Other scientists say the guidelines may not go far enough. There’s not clear evidence that high levels of community transmission make in-person schooling riskier, said Dr. Elissa Perkins, the director of emergency medicine infectious disease management at Boston University School of Medicine, who co-authored the Massachusetts study.
“I applaud the move to get elementary schools back in person regardless of community transmission.” she said. “And I also understand that there is some hesitancy about applying that to middle and high school students, although I’m not sure that it is fully in keeping with the evidence that we’ve seen to date.”
While the majority of school buildings are currently open at least partially, the six-foot rule has prevented many from shifting to full-time, in-person schedules.
In liberal states and districts where teachers’ unions have collective bargaining power, the new C.D.C. guidance may strengthen the negotiating position of district officials seeking to return students to more normal, in-person schedules.
But many issues remain contentious and unresolved. Although the C.D.C. is continuing to recommend six feet of distance when children are eating, the fact that students need to remove their masks at lunch has raised concerns for educators and their unions.
It is not unusual, across the country, for schools to remain closed one day per week — typically Wednesdays — for what is sometimes described as a day of “deep cleaning.” Yet many experts have emphasized that because the coronavirus is spread through the air, surface disinfection is less important than masking and ventilation.

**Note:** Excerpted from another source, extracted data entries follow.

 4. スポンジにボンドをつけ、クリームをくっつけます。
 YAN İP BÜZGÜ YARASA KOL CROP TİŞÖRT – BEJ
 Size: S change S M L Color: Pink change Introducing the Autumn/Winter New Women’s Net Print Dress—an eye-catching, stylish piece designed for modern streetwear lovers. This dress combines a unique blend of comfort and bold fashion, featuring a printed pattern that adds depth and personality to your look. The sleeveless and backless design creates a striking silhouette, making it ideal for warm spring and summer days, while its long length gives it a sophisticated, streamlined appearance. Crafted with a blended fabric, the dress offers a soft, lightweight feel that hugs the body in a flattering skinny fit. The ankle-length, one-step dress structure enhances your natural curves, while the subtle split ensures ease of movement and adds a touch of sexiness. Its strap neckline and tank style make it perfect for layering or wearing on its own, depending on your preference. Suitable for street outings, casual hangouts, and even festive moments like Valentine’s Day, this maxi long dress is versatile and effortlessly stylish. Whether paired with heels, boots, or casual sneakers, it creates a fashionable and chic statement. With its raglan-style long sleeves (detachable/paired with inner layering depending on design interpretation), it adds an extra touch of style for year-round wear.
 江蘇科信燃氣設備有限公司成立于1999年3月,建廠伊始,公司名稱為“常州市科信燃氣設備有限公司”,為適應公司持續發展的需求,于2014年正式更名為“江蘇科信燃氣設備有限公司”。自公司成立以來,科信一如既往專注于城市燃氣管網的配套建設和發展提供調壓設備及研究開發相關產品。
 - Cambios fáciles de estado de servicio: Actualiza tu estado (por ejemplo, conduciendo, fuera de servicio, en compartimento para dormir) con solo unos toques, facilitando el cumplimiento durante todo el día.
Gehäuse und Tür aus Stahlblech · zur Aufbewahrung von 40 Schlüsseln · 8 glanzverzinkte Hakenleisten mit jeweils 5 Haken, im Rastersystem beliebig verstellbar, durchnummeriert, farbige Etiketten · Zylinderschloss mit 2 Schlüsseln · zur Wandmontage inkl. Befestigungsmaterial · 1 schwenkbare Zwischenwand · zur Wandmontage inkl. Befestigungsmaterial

The days out of school are used by many teachers to prepare lessons and strategies for what remains a new and challenging mode of instruction, in which some students are in classrooms while others remain at home. Indeed, there is still a significant minority of parents, many of them Black, Hispanic and Asian, who are hesitant to return their children to schools during the pandemic.
C.D.C. officials relied on the findings of several other new studies about transmission in schools to rewrite their guidelines. The studies, published Friday, examined viral transmission in schools in Florida, St. Louis and Springfield, Mo., and Salt Lake County, Utah. The findings varied, but all papers emphasized the critical role that universal mask-wearing plays in curbing school-associated infections.